Task goal |
For each entry, output its words exactly and leave any picture behind.
# # #
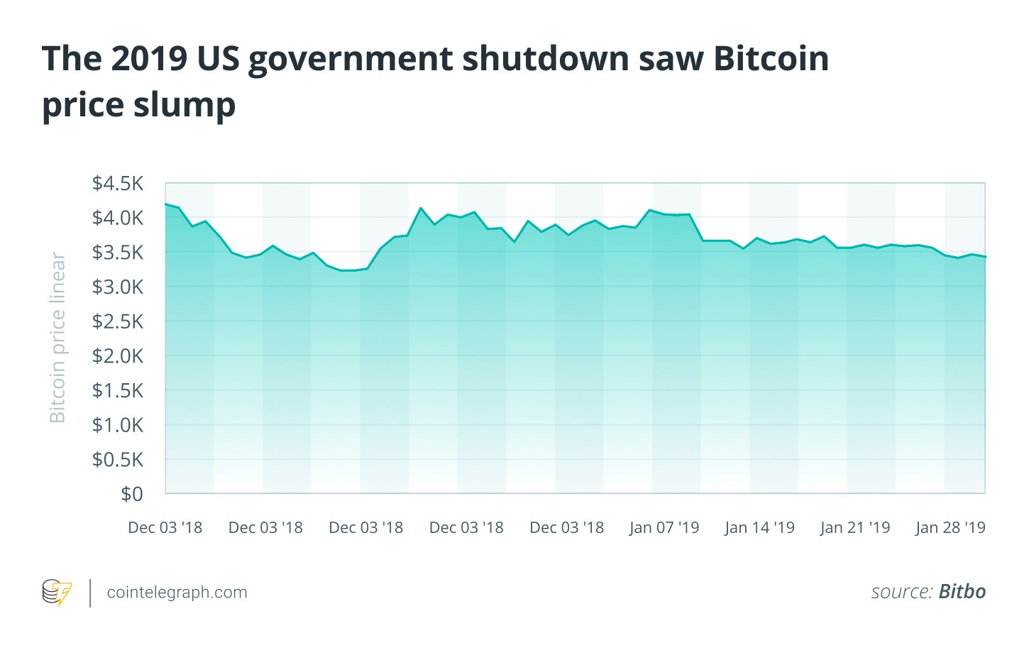 در جریان همان بحران سال ۲۰۱۹، بیت کوین ابتدا حدود ۱۶٪ افت کرد و از ۴,۲۰۰ دلار به حدود ۳,۵۰۰ دلار رسید؛ اما پس از بازگشایی دولت، روندی صعودی در پیش گرفت و تنها در پنج ماه، حدود ۳۰۰٪ رشد داشت و تا محدوده ۱۳,۰۰۰ دلار جهش کرد.
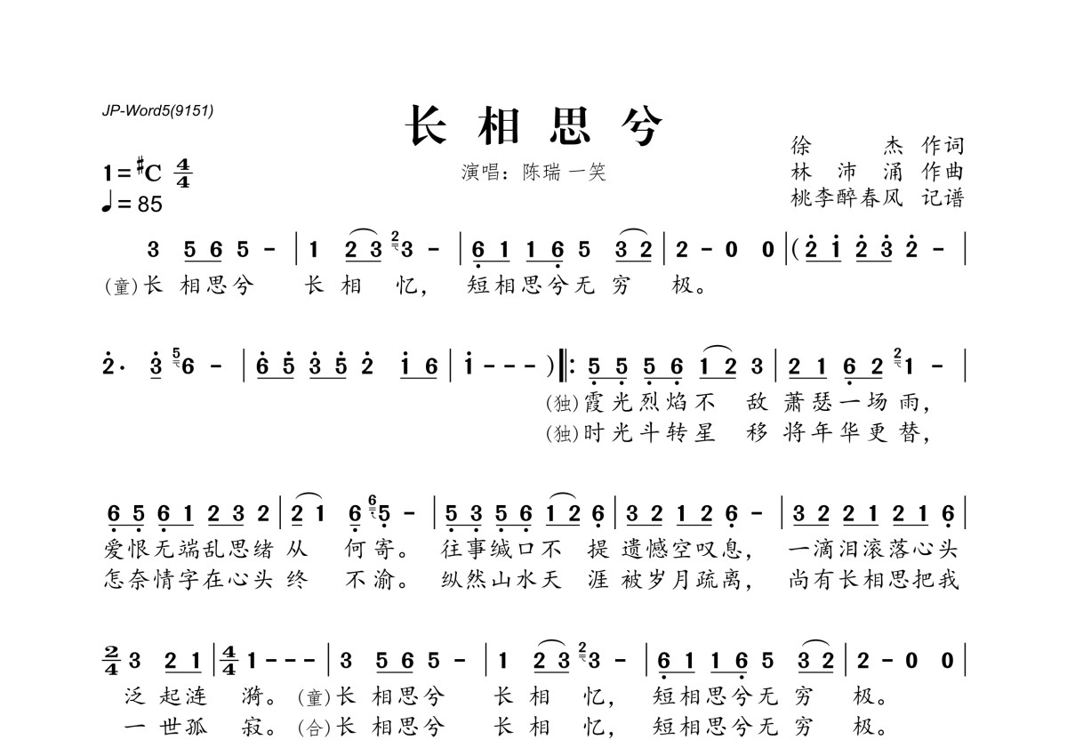 《长相思兮》是陈瑞一笑演唱的一首歌曲,拍号为4/4拍,歌曲速度为每分钟85拍,这份简谱共有一张高清图谱,图谱由 @桃李醉春风 编配上传。
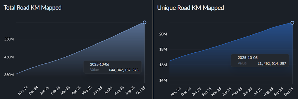 According to Hivemapper official data, the network has mapped 644 million km of roads in total, including 21 million km in unique roadway.
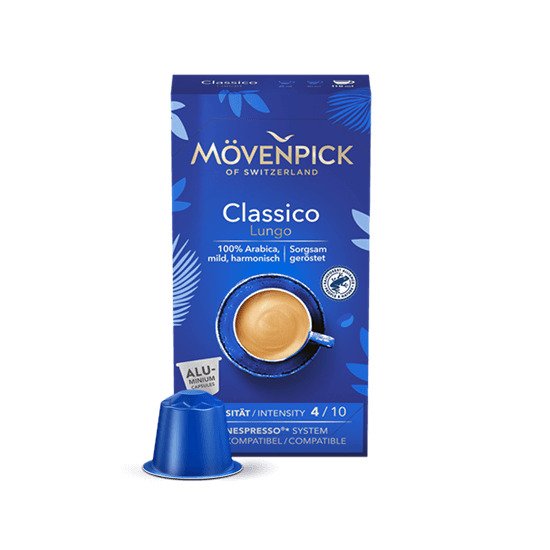 Κάψουλες καφέ Mövenpick Lungo Classico, λεπτή γλυκύτητα καραμέλας, ήπιες καβουρδισμένες νότες και φρουτώδεις νότες εσπεριδοειδών, απαλό σώμα. Ένα ισορροπημένο Classico με απαλά πικάντικες πινελιές για αρμονικό άρωμα, που ξεδιπλώνεται από το ιδιαίτερα απαλά καβουρδισμένο μείγμα κόκκων Arabica Νότιας Αμερικής και Ανατολικής Αφρικής, παρέχοντας 100% γεύση. Ένταση 4/10, πιστοποίηση Rainforest Alliance.
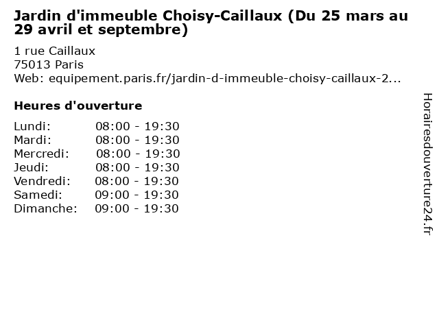 1 Jardin d'immeuble Choisy-Caillaux (Du 29 octobre au 28 février) (Distance: 0,00 km) 1 rue Caillaux, 75013 Paris 28, 29, au, caillaux, choisy, d'immeuble, du, février, jardin, octobre, parc, square 2 Jardin d'immeuble Choisy-Caillaux (Du 01 au 24 mars) (Distance: 0,00 km) 1 rue Caillaux, 75013 Paris 01, 24, au, caillaux, choisy, d'immeuble, du, jardin, mars, parc, square 3 Jardin d'immeuble Choisy-Caillaux (Du 30 avril au 31 août) (Distance: 0,00 km) 1 rue Caillaux, 75013 Paris 30, 31, août, au, avril, caillaux, choisy, d'immeuble, du, jardin, parc, square 4 Jardin Baudricourt (Du 25 mars au 29 avril et septembre) (Distance: 0,20 km) 14 rue de la Pointe d'Ivry, 75013 Paris 25, 29, au, avril, baudricourt, du, et, jardin, mars, parc, septembre, square 5 Jardin de la Dalle d'Ivry (Du 25 mars au 29 avril et septembre) (Distance: 0,22 km) 9 rue de la pointe d'Ivry, 75013 Paris 25, 29, au, avril, d'ivry, dalle, de, du, et, jardin, la, mars, parc, septembre, square 6 Jardin Juan-Miró (Du 25 mars au 29 avril et septembre) (Distance: 0,32 km) 40 rue Gandon, 75013 Paris 25, 29, au, avril, du, et, jardin, juan, mars, miró, parc, septembre, square |
# # #
Written answer |
 در جریان همان بحران سال ۲۰۱۹، بیت کوین ابتدا حدود ۱۶٪ افت کرد و از ۴,۲۰۰ دلار به حدود ۳,۵۰۰ دلار رسید؛ اما پس از بازگشایی دولت، روندی صعودی در پیش گرفت و تنها در پنج ماه، حدود ۳۰۰٪ رشد داشت و تا محدوده ۱۳,۰۰۰ دلار جهش کرد.
 《长相思兮》是陈瑞一笑演唱的一首歌曲,拍号为4/4拍,歌曲速度为每分钟85拍,这份简谱共有一张高清图谱,图谱由 @桃李醉春风 编配上传。
 According to Hivemapper official data, the network has mapped 644 million km of roads in total, including 21 million km in unique roadway.
 Κάψουλες καφέ Mövenpick Lungo Classico, λεπτή γλυκύτητα καραμέλας, ήπιες καβουρδισμένες νότες και φρουτώδεις νότες εσπεριδοειδών, απαλό σώμα. Ένα ισορροπημένο Classico με απαλά πικάντικες πινελιές για αρμονικό άρωμα, που ξεδιπλώνεται από το ιδιαίτερα απαλά καβουρδισμένο μείγμα κόκκων Arabica Νότιας Αμερικής και Ανατολικής Αφρικής, παρέχοντας 100% γεύση. Ένταση 4/10, πιστοποίηση Rainforest Alliance.
 1 Jardin d'immeuble Choisy-Caillaux (Du 29 octobre au 28 février) (Distance: 0,00 km) 1 rue Caillaux, 75013 Paris 28, 29, au, caillaux, choisy, d'immeuble, du, février, jardin, octobre, parc, square 2 Jardin d'immeuble Choisy-Caillaux (Du 01 au 24 mars) (Distance: 0,00 km) 1 rue Caillaux, 75013 Paris 01, 24, au, caillaux, choisy, d'immeuble, du, jardin, mars, parc, square 3 Jardin d'immeuble Choisy-Caillaux (Du 30 avril au 31 août) (Distance: 0,00 km) 1 rue Caillaux, 75013 Paris 30, 31, août, au, avril, caillaux, choisy, d'immeuble, du, jardin, parc, square 4 Jardin Baudricourt (Du 25 mars au 29 avril et septembre) (Distance: 0,20 km) 14 rue de la Pointe d'Ivry, 75013 Paris 25, 29, au, avril, baudricourt, du, et, jardin, mars, parc, septembre, square 5 Jardin de la Dalle d'Ivry (Du 25 mars au 29 avril et septembre) (Distance: 0,22 km) 9 rue de la pointe d'Ivry, 75013 Paris 25, 29, au, avril, d'ivry, dalle, de, du, et, jardin, la, mars, parc, septembre, square 6 Jardin Juan-Miró (Du 25 mars au 29 avril et septembre) (Distance: 0,32 km) 40 rue Gandon, 75013 Paris 25, 29, au, avril, du, et, jardin, juan, mars, miró, parc, septembre, square |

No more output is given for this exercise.